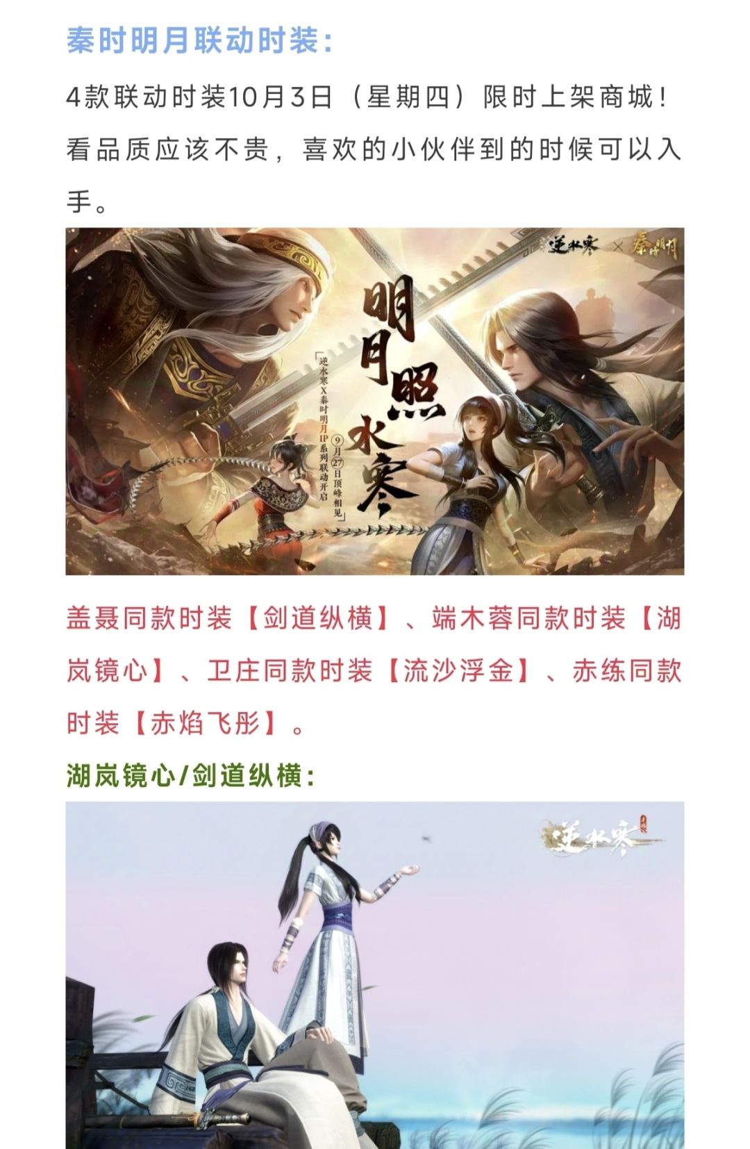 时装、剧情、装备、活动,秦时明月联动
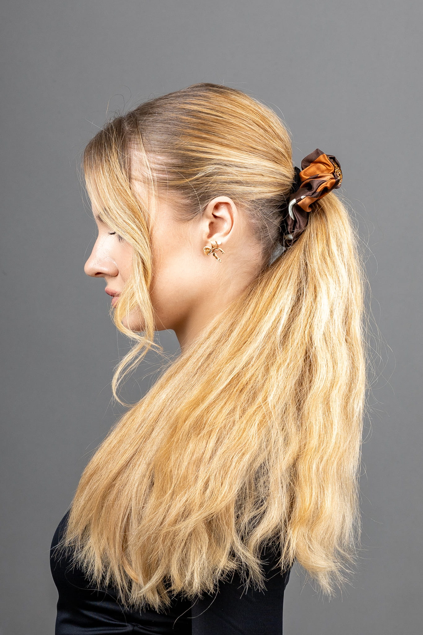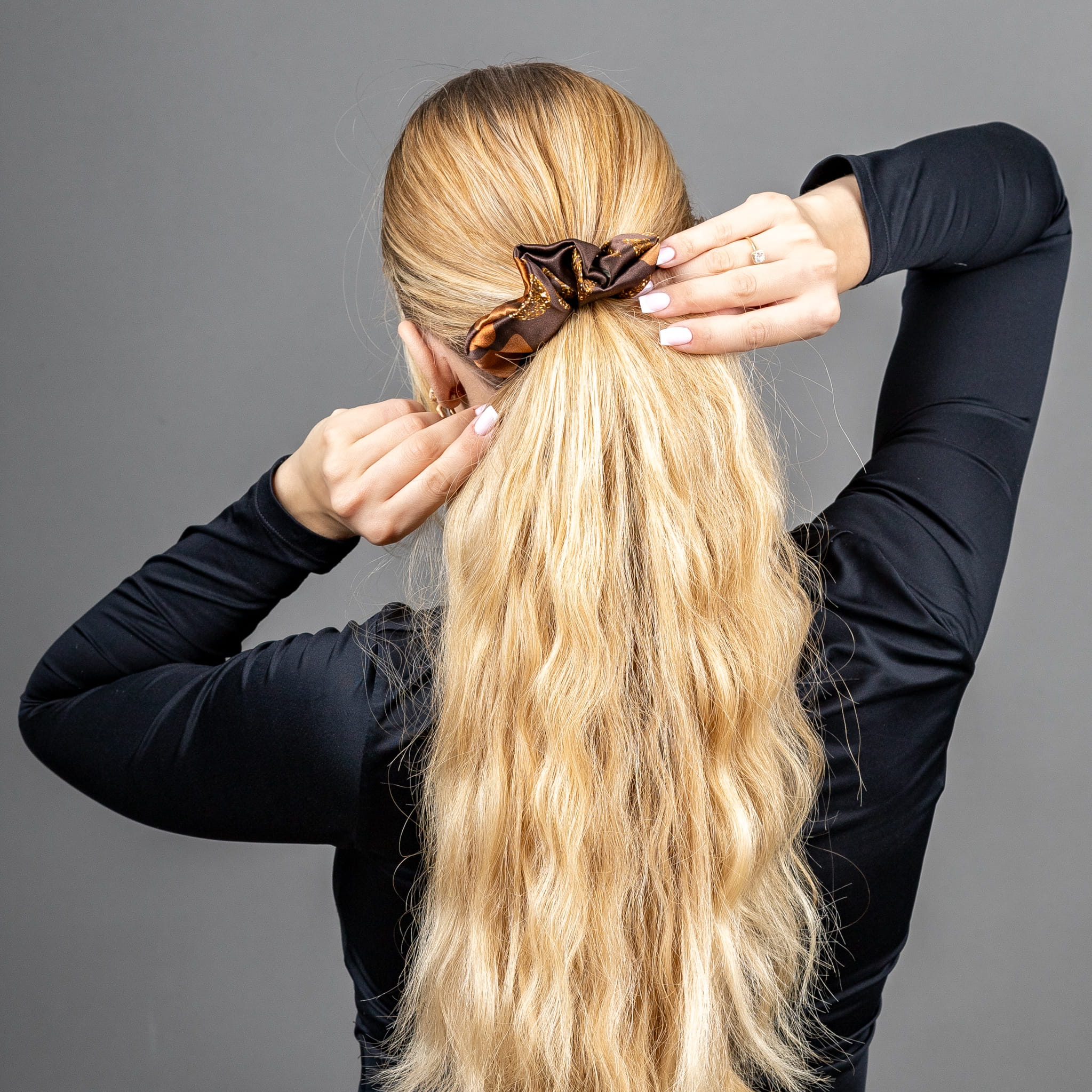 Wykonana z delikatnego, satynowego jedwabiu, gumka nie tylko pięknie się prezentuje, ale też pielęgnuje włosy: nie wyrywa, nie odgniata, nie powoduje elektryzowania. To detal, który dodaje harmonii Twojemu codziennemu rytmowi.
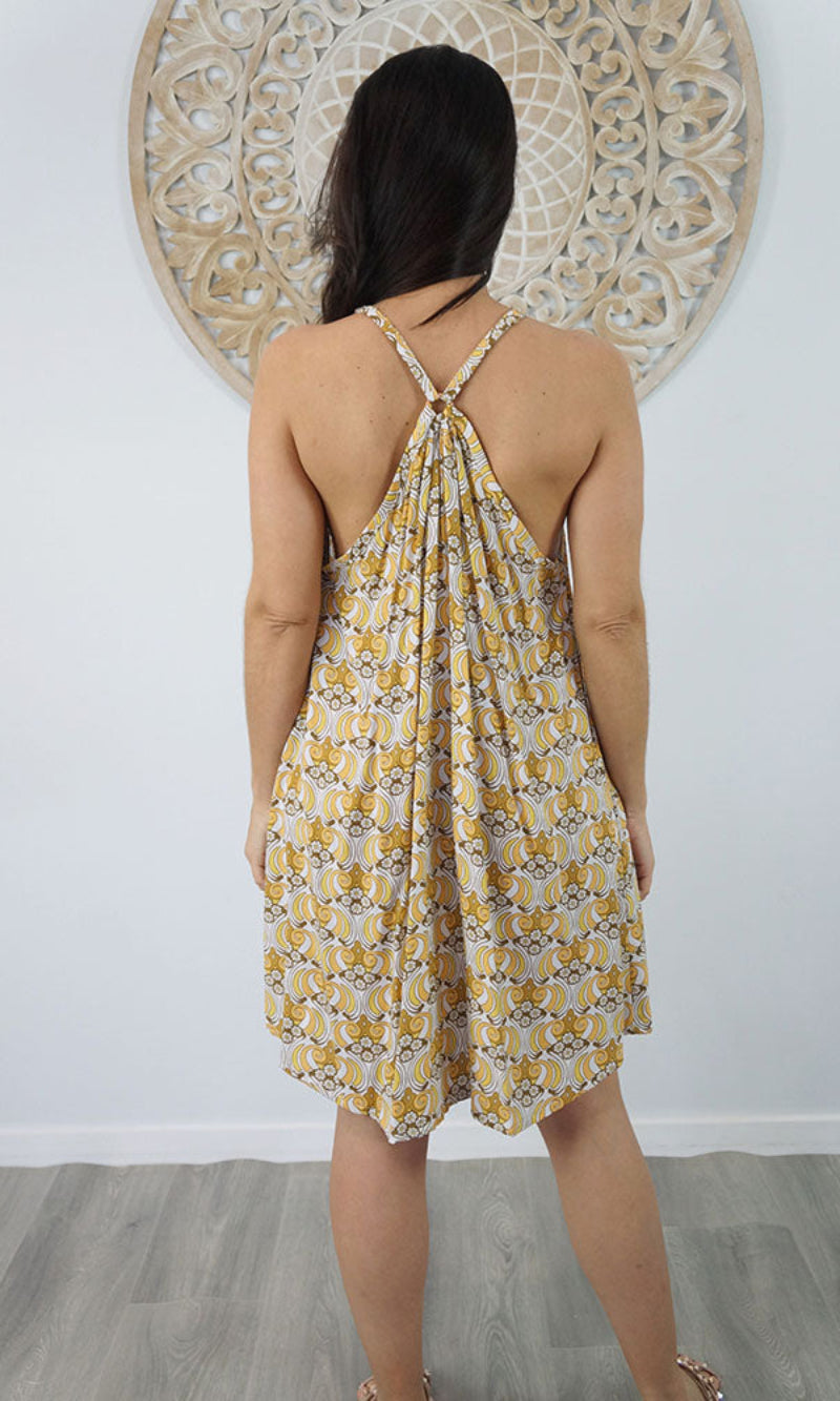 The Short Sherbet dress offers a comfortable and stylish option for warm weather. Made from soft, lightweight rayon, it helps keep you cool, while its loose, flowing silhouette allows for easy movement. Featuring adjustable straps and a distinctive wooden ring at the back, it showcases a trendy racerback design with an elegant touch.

- [Brief] Provide the lines again, unchanged, from where the data above begins through the line containing "Wykonana z delikatnego, satynowego", both ends included, omitting pictures and adding nothing.

- [Written response]
 时装、剧情、装备、活动,秦时明月联动
 Wykonana z delikatnego, satynowego jedwabiu, gumka nie tylko pięknie się prezentuje, ale też pielęgnuje włosy: nie wyrywa, nie odgniata, nie powoduje elektryzowania. To detal, który dodaje harmonii Twojemu codziennemu rytmowi.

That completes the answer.